González et al1 first described 5 criteria for the diagnosis of BCC by RCM,1 which was later validated in a larger study. Another study with 12 lesions found additional criteria for the diagnosis of BCC by RCM4 and described bright structures within tumor parenchyma that resembled dendritic cells. The same finding was recently reported by Agero et al3 and correlated with intratumoral melanocytes or Langerhans cells.

Melanocytes can be assessed in melanocytic lesions by RCM as bright roundish or dendritic cells within the epidermis, at dermoepidermal junction or in dermal papilla.2 Langerhans cells can be identified by RCM as dendritic cells within epidermal layers in inflamed nevi or scars of lesions recently removed.
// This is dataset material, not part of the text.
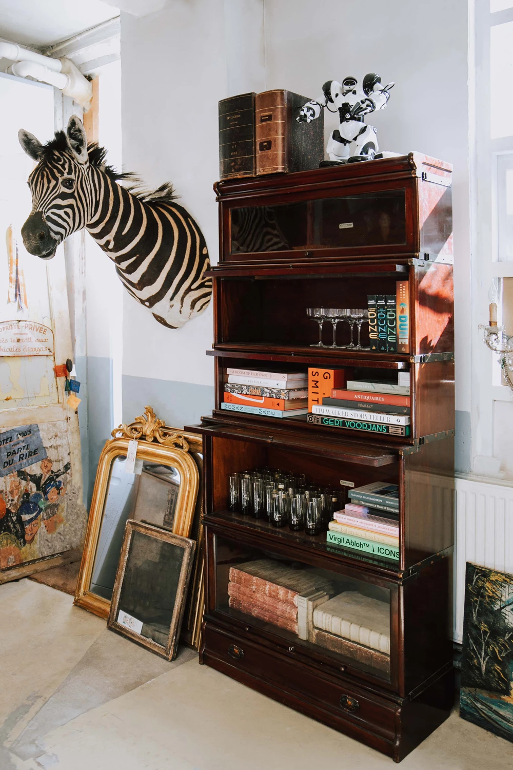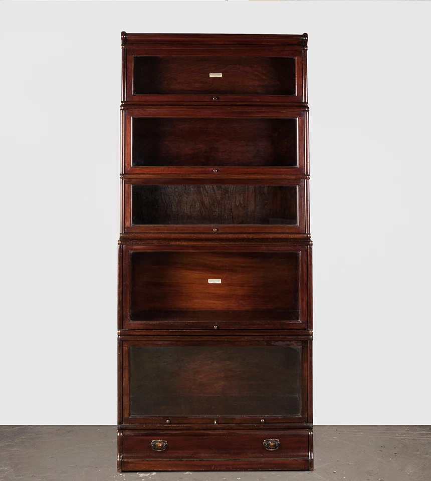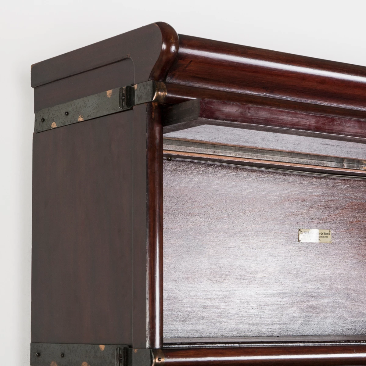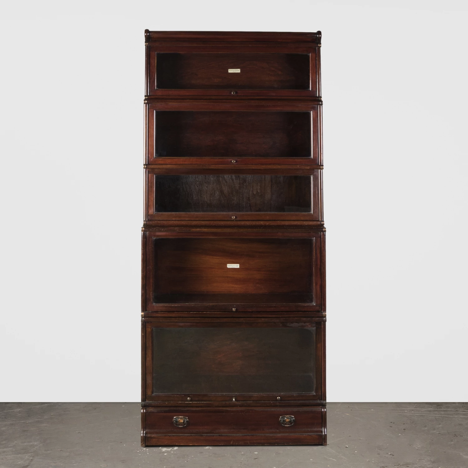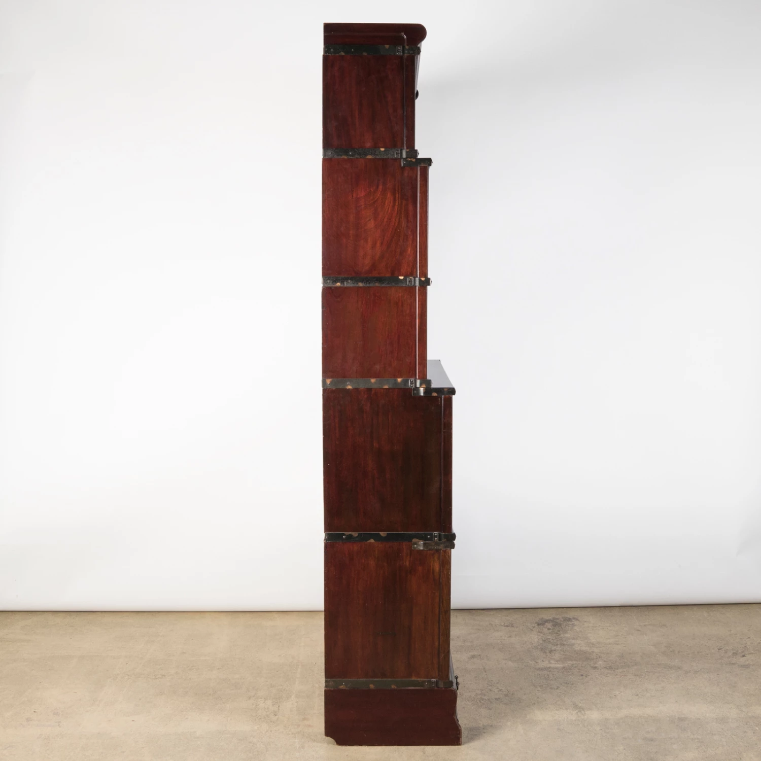 An antique barrister bookcase by Globe Wernicke. Mahogany construction with five stacks, each having slide out glass doors.
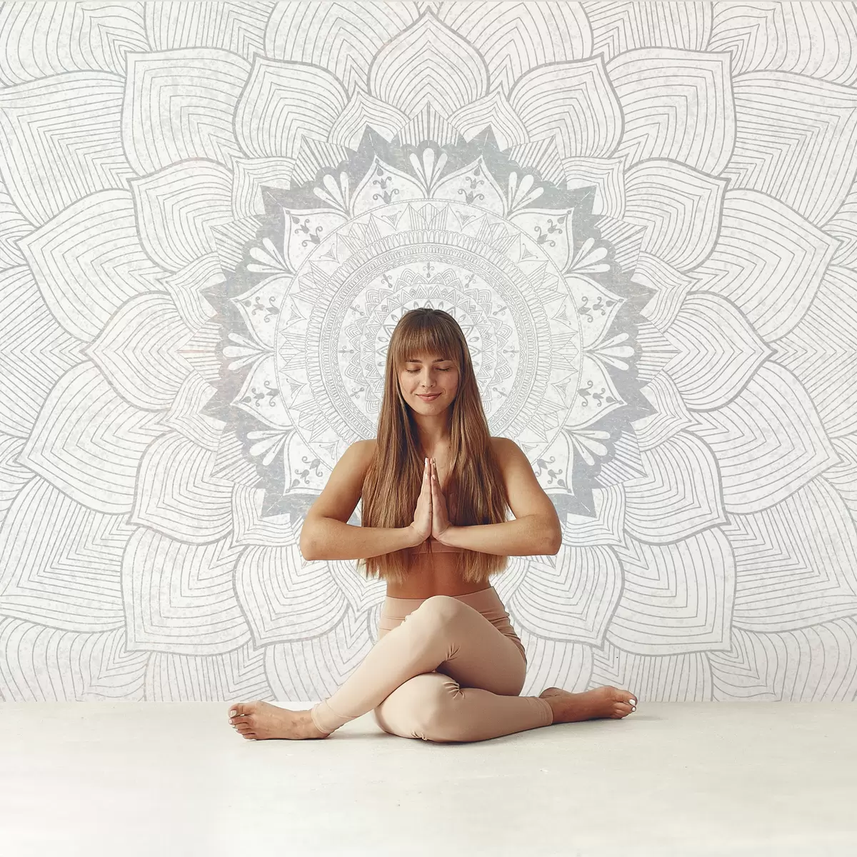 Stenske poslikave Okrogla mandala, ozadje za prostor za jogo ali za uskladitev osebnega prostora. Stenska mandala v sivih odtenkih na teksturiranem heterogenem ozadju Št. w01088v2

In our study, dendritic cells in BCC nests correlated with melanocytes, whereas dendritic cells in the epidermis corresponded to Langerhans cells. Our findings are supported by previous studies that demonstrated the presence of melanocytes and Langerhans cells in BCC.5 The importance has to be stressed of being aware of the presence of dendritic cells in RCM of pigmented BCC to avoid the incorrect classification of a melanocytic tumor including melanoma. Larger studies are needed to elucidate the frequency, characteristics, and meaning of dendritic cells in pigmented skin tumors.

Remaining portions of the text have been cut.